Though Mr. Coleman’s book sounds echoes of Raymond Chandler and Kem Nunn, The Churchgoer marks the debut of a strong and original voice in the California noir tradition.
The novel's setup and inciting incident suggest it will be a simple whodunit, a novel whose central mystery is discovering the ins and outs of Mike's murder. Instead, it's a story of obsession ... The Churchgoer uses all the hallmarks of its genre — from punchy sentences to profound and sometimes overwrought observations about the gloominess of life and the terribleness of people, to the youthful ingénue, to the unfolding of a possible conspiracy — in order to tell a story that criticizes every element of these dynamics ... As a narrator, Mark is fantastic precisely because he's self-aware in a way that noir doesn't tend to showcase.
Noir isn’t the easiest genre to pull off; its tropes have been endlessly imitated and parodied. But The Churchgoer is both defiantly original and faithful to its literary predecessors—the novel’s pacing is perfect, and Coleman does an excellent job building suspense … Coleman uses red herrings and misdirection to keep the reader guessing, which isn’t an easy trick, but he executes it brilliantly. Coleman also displays a masterful grasp of the language that become associated with noir fiction, while never descending into cliche … His greatest accomplishment in The Churchgoer, though is the character of Haines …Troubled detectives are nothing new in noir fiction, of course, but the self-awareness Haines exhibits makes him fascinating; he freely admits that he’s become governed by resentment and rage … Coleman’s book reads like a tribute to California noir, but there’s nothing well worn or derivative about it. The Churchgoer is a wonderful debut novel from a writer with more than a few tricks up his sleeve.
The Churchgoer is populated with the kind of hard-boiled monologues one associates with the noir genre...and its cast of pistol-wielding drug peddlers wouldn’t be out of place in your average detective novel. But Patrick Coleman’s background is in poetry... a background that’s revealed not only in The Churchgoer’s lush language––even the seediest and most squalid neighborhoods of San Diego County are rendered with great care––but in the way Coleman is far more interested in Mark’s crisis of faith than a conventional plot ... The Churchgoer is at once a cracking noir yarn and an introspective examination of the limits of belief and doubt.
Despite Mark’s evangelical past, The Churchgoer is every bit as hardboiled as the crime novels of Raymond Chandler and Jim Thompson ... Coleman dispatches his detective all over San Diego and takes pleasure in puncturing the myth of San Diego as America’s Finest City ... a tightly plotted noir with all the classic tropes of a detective novel; but it’s also an existential rumination on what it means to come to the end of things.

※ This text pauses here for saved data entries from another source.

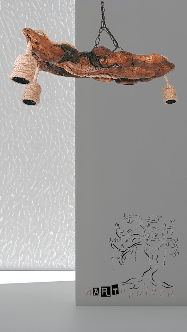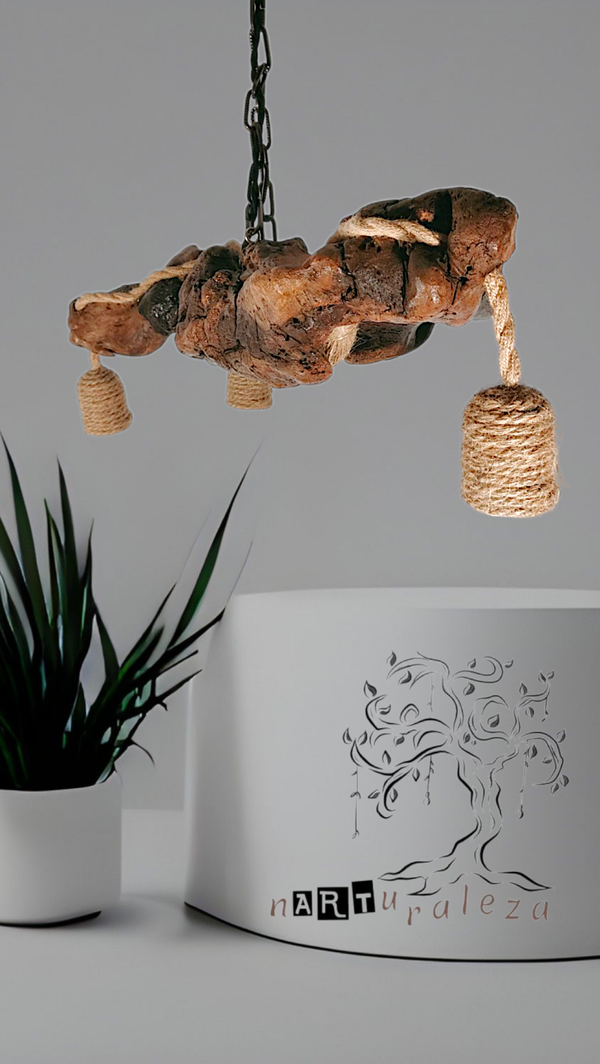 Lámpara de techo artesanal. Realizada a partir de un tronco natural irregular y cuerda.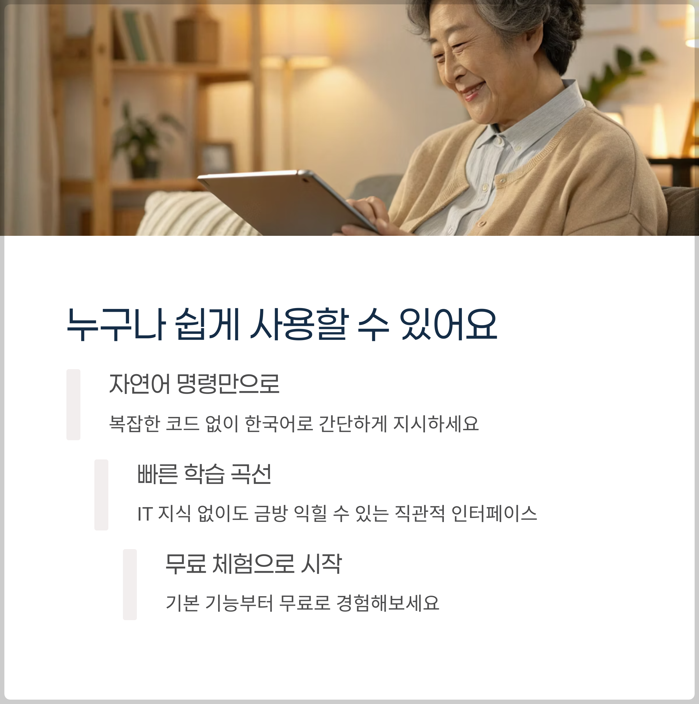 네, 사용법이 간단하며 자연어 명령만으로도 쉽게 결과를 얻을 수 있어 초보자도 바로 활용할 수 있습니다.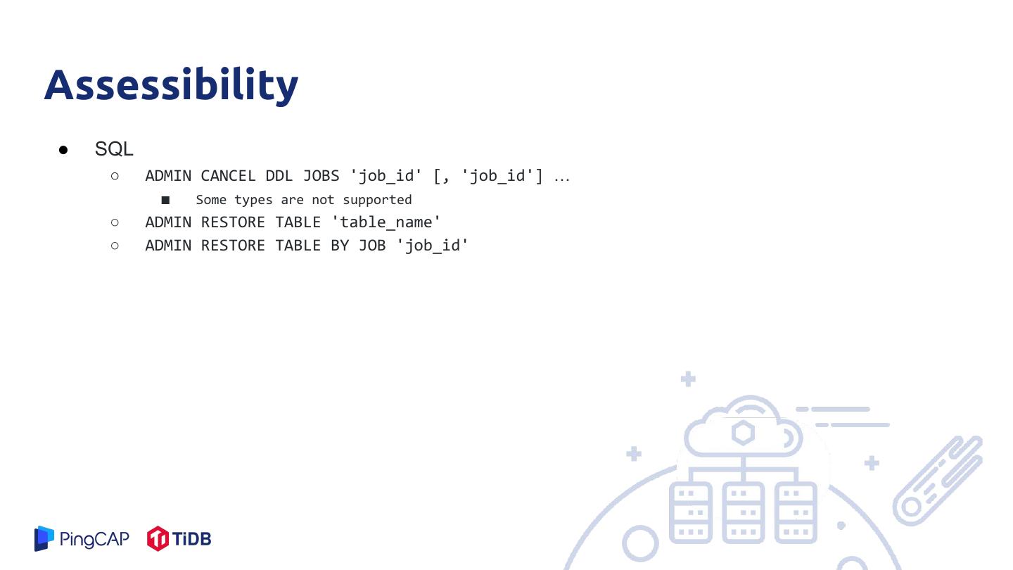26 .Assessibility ● SQL ○ ADMIN CANCEL DDL JOBS 'job_id' [, 'job_id'] … ■ Some types are not supported ○ ADMIN RESTORE TABLE 'table_name' ○ ADMIN RESTORE TABLE BY JOB 'job_id'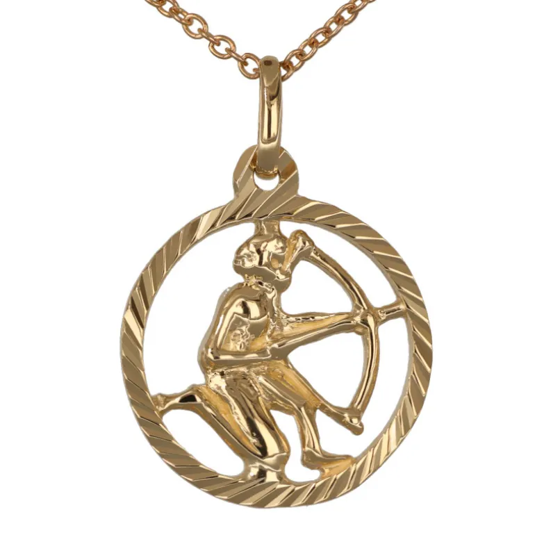 Stjärntecken halsband skytten i äkta guld 9 karat. Smycket och kedjan är tillverkat i 9 karat guld, det vill säga en blandning av 37,5 % guld och resten silver och koppar. Ytterdiameter 14 mm, höjd inklusive ögla 21 mm. Kedja modell ankar, bredd 0,6 mm artikel 9-50-0001. Det kan skilja lite inom astrologin, men om du är född mellan 23 november och 21 december är du född i skyttens tecken.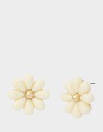 featuring neutral ivory daisy perfect for everyday. Earrings have a post back closure. Made from resin and metal.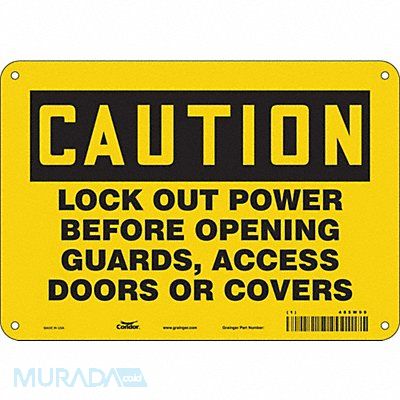Lockout Sign Vertical Rectangle Number of Printed Sides 1 English Sign Format Traditional OSHA Sign Legend Lock Out Power Before Opening Guards Access Doors Or Covers Sign Legend Background Color Yellow Sign Legend Style Text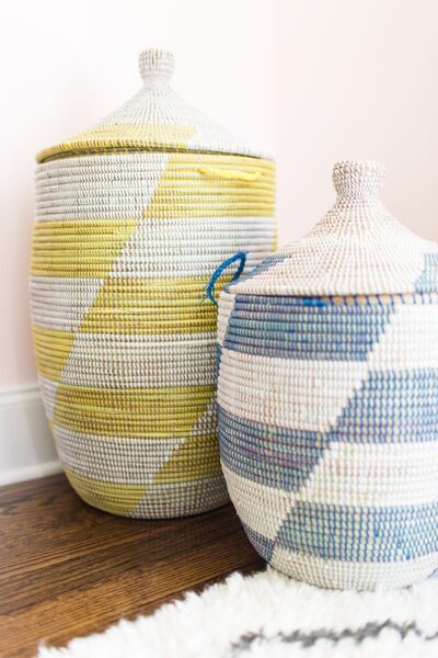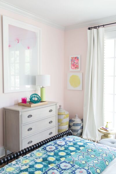 The room is gorgeous – all the mix of colors while still being so light and airy! Those baskets and that rug are my favorite. And the bow pillow!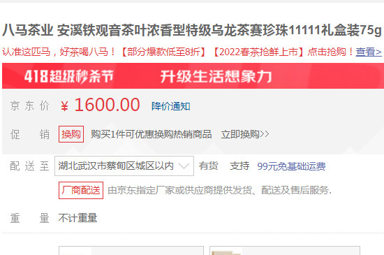 安溪铁观音铁观音是乌龙茶的极品,其形状似蜻蜓头,螺旋体,青蛙腿,冲泡后汤色金黄浓艳似琥珀,有天然馥郁的兰花香,滋味醇厚甘鲜,以观音韵著称。八马茶业是安溪铁观音的头部品牌之一,八马的赛珍珠系列从1000-3000-5800-11111差不多数字都是接近斤价的,1600元/9泡茶,喝一泡178元。
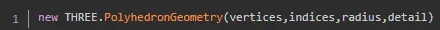 IcoshahedronGeometry 正二十面体、TetrahedronGeometry 正四面体、OctahedronGeometry 正八面体、DodecahedronGeometry 正十二面体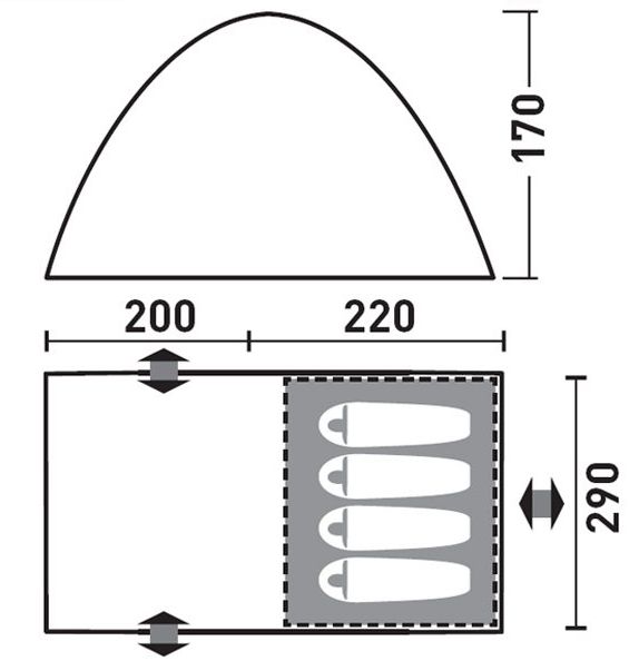 Трим 4 палатка - комфортная кемпинговая палатка с двумя входами и большим тамбуром, можно использовать без растяжек.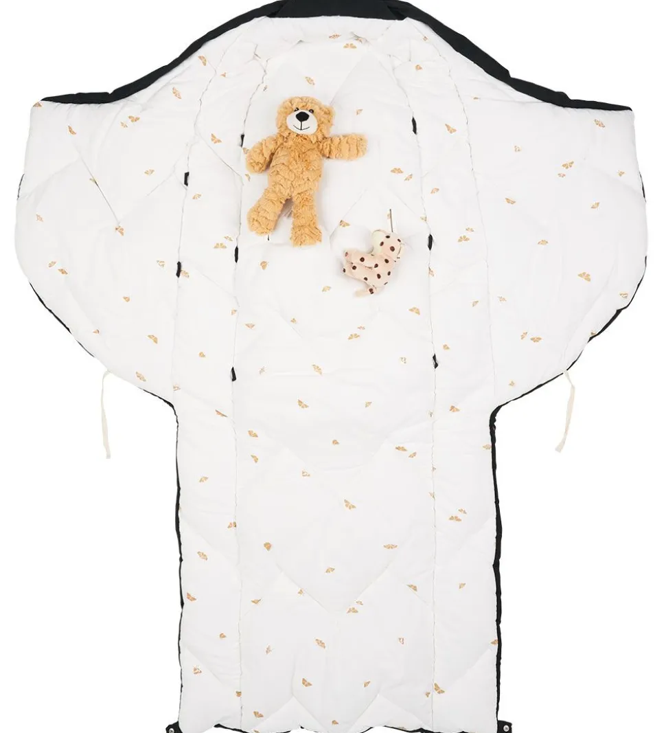 Varm Voksi kørepose i sort, og på indersiden er den hvid med beige sommerfugle.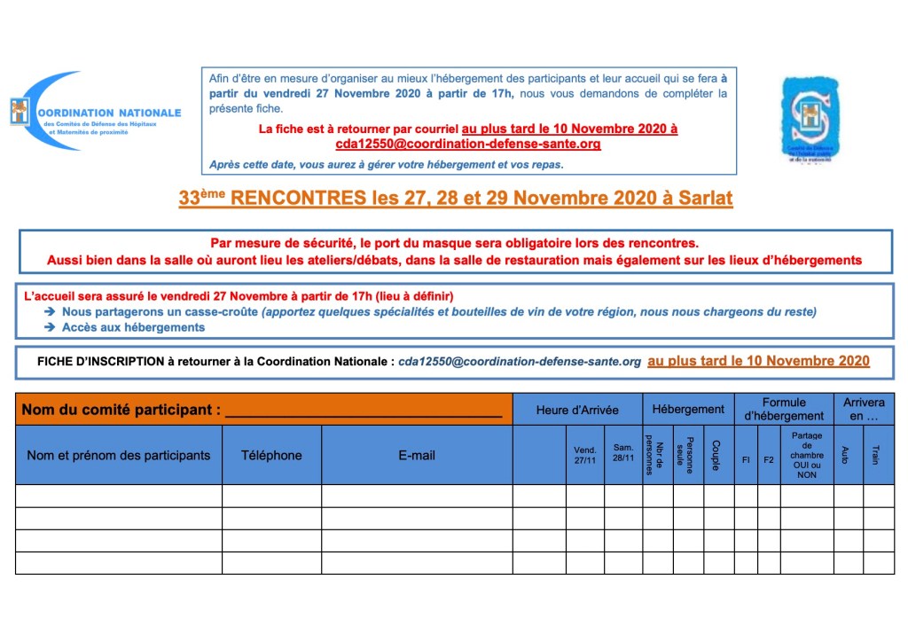 La fiche est à retourner par courriel au plus tard le 10 Novembre 2020 à cda12550@coordination-defense-sante.org Après cette date, vous aurez à gérer votre hébergement et vos repas.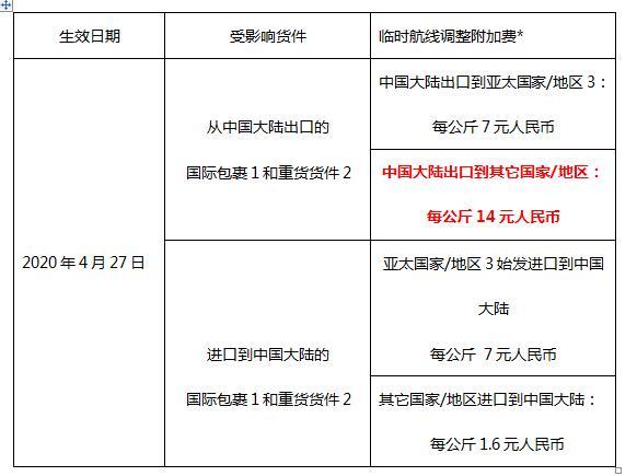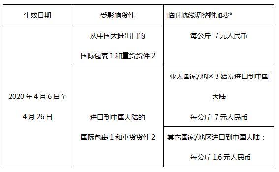* 针对所有国际包裹和重货货件,该临时航线调整附加费有最低收费。国际包裹 1货件:每票货最低收费人民币 7 元;国际重货 2货件:每票货最 低收费人民币 350 元。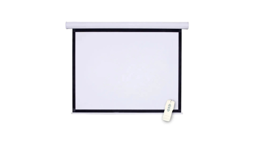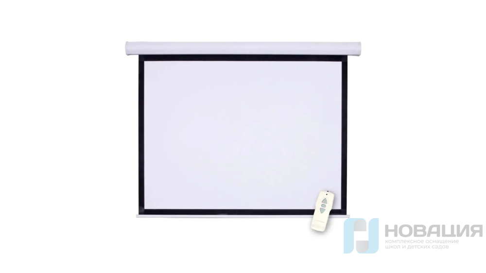 Экран оснащен универсальным креплением, которое позволяет устанавливать его как на стену, так и на потолок. Электропривод обеспечивает автоматическое открытие и закрытие полотна, управление осуществляется через пульт дистанционного управления.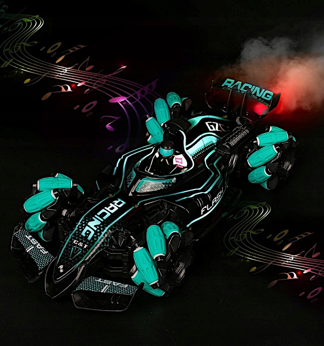Автомобиль оснащен генератором дыма, имитирующим выхлопные газы, выходящие из задней части автомобиля. Просто используйте прилагаемую бутылку, чтобы налить воду в контейнер, расположенный в задней части автомобиля, и нажмите кнопку активации на пульте дистанционного управления. Эффект вырывающихся водяных паров сопровождается вытяжной подсветкой, имитирующей огонь.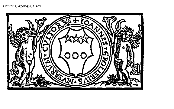 [Gafurius, Apologia, f.Axr; text: Ioannes Grolierivs mvsarvm cvltor] [GAFAPO 06GF]
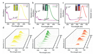 | Fig. 3. (a-c) UV–vis absorption and FL spectra for CPDs-1–3. Insets in (a-c): The images of the CPDs-1–3 in ethanol solvents under daylight and UV lamp (365 nm), respectively; (d-f) The FL spectra of CPDs-1–3 in ethanol solvents excited by different wavelength lights. | |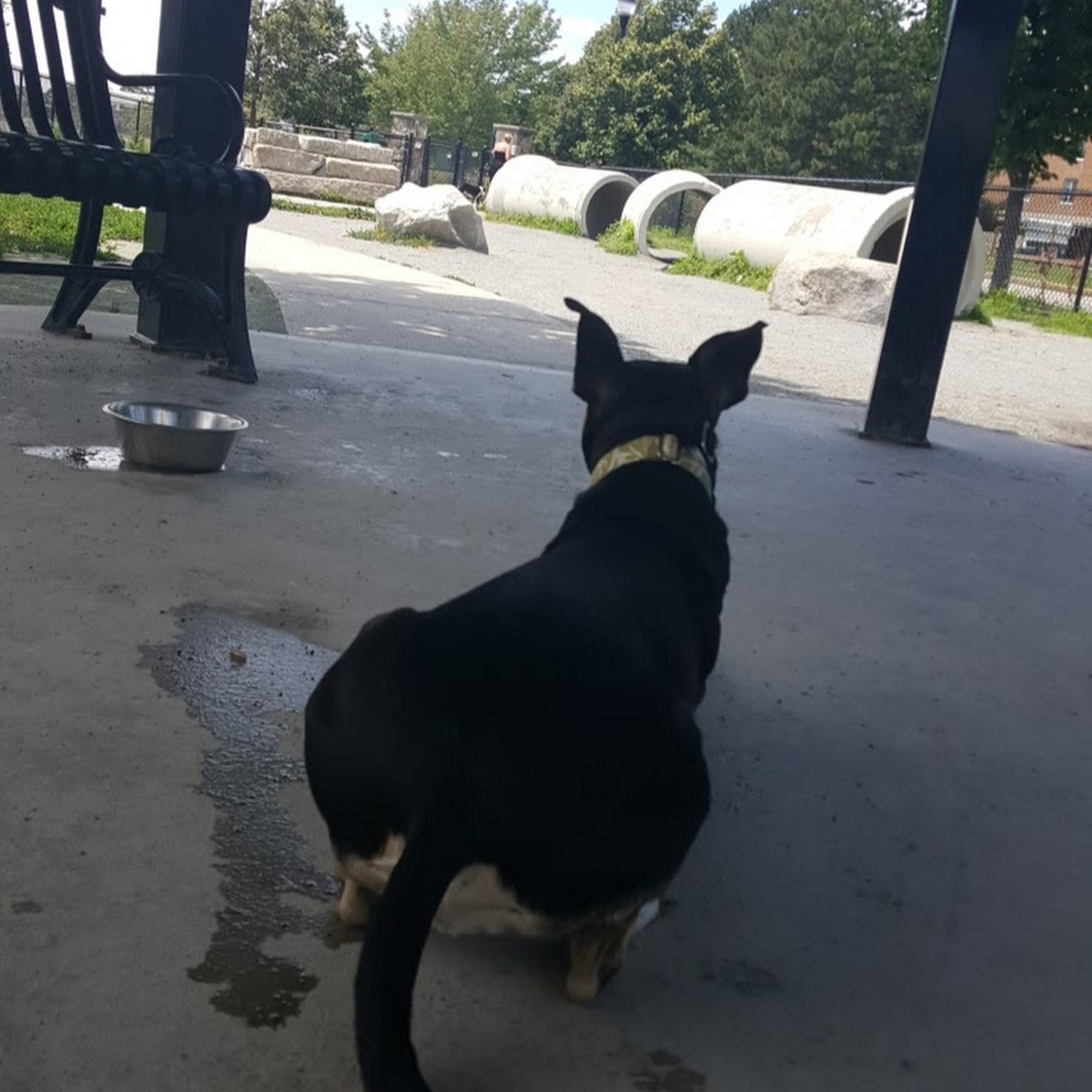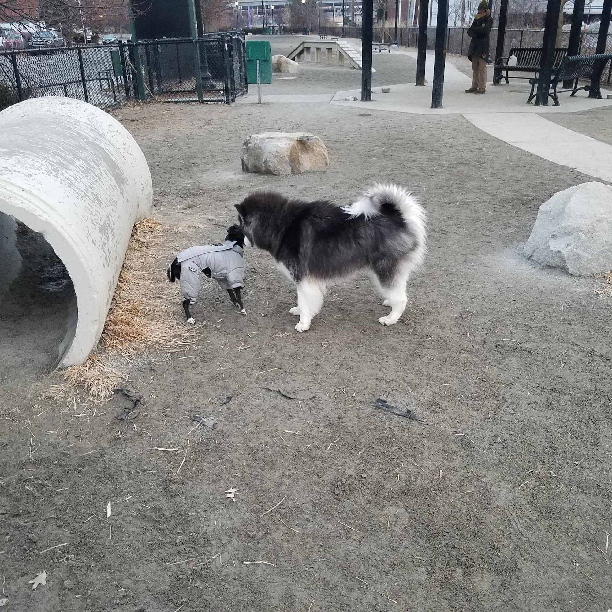 Very nice dog park in Somerville. Decent sized. Located next to the commuter rail tracks, so be aware if your pup might be scared by the passing train. People and dogs were friendly. Water fountain present, along with a spigot to fill bowls or pools.

The detective’s search for clues to solve the mystery stands in for man’s search for meaning in a world ruled by uncertainty.
Persons of faith will likely feel uncomfortable in Haines’s company. Others, including those who admire Coleman’s poetry collection, Fire Season, will sympathize as his protagonist struggles to achieve some peace of mind. Most readers will be curious to see what the author does next.